(Stored items from a collection)

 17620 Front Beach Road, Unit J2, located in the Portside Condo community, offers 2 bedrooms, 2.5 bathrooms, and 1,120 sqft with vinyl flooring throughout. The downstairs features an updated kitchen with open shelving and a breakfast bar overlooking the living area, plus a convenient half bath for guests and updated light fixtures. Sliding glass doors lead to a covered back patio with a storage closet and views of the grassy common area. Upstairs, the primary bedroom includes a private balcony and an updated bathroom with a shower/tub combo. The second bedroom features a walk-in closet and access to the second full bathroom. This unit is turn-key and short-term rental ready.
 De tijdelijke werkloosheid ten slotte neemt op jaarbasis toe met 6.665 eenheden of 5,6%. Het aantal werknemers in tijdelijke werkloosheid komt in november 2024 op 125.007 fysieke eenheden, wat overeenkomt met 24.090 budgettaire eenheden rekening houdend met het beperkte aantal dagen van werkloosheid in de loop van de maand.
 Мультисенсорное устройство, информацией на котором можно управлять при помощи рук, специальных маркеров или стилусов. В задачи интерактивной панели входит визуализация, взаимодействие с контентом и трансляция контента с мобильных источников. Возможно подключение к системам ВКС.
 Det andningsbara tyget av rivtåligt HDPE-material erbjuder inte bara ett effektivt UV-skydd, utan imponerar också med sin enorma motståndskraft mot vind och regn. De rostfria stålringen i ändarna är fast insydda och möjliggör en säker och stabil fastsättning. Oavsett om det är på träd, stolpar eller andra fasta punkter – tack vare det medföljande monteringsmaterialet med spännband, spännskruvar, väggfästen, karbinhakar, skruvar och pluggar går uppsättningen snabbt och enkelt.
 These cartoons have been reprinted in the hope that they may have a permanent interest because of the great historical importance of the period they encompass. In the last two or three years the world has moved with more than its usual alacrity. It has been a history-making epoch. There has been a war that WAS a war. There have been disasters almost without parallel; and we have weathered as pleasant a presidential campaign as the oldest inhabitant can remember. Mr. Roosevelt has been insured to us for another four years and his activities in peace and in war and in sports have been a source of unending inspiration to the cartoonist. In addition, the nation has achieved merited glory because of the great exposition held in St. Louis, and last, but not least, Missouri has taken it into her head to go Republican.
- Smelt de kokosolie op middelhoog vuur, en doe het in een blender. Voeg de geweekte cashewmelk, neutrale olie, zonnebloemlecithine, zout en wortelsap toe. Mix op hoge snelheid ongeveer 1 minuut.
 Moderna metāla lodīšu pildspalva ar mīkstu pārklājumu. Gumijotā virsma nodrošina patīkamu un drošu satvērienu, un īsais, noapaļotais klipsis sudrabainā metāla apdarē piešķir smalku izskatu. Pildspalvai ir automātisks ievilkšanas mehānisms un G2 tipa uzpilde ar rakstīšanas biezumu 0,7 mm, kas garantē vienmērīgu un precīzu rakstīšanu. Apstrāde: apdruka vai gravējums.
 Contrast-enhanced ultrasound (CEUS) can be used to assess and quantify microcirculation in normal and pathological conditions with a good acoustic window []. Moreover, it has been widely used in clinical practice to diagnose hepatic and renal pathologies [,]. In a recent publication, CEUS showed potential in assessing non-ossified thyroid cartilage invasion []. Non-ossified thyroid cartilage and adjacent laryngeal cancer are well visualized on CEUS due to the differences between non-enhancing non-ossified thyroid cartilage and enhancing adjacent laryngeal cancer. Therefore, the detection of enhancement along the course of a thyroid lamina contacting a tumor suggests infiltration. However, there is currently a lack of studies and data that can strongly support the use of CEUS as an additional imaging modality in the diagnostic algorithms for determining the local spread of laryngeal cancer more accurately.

● ACTIVITY: Beginning with the line that has "- Smelt de kokosolie" and ending with the line that has "Moderna metāla lodīšu", set down the lines above exactly and include no others.

● RESULT:
- Smelt de kokosolie op middelhoog vuur, en doe het in een blender. Voeg de geweekte cashewmelk, neutrale olie, zonnebloemlecithine, zout en wortelsap toe. Mix op hoge snelheid ongeveer 1 minuut.
 Moderna metāla lodīšu pildspalva ar mīkstu pārklājumu. Gumijotā virsma nodrošina patīkamu un drošu satvērienu, un īsais, noapaļotais klipsis sudrabainā metāla apdarē piešķir smalku izskatu. Pildspalvai ir automātisks ievilkšanas mehānisms un G2 tipa uzpilde ar rakstīšanas biezumu 0,7 mm, kas garantē vienmērīgu un precīzu rakstīšanu. Apstrāde: apdruka vai gravējums.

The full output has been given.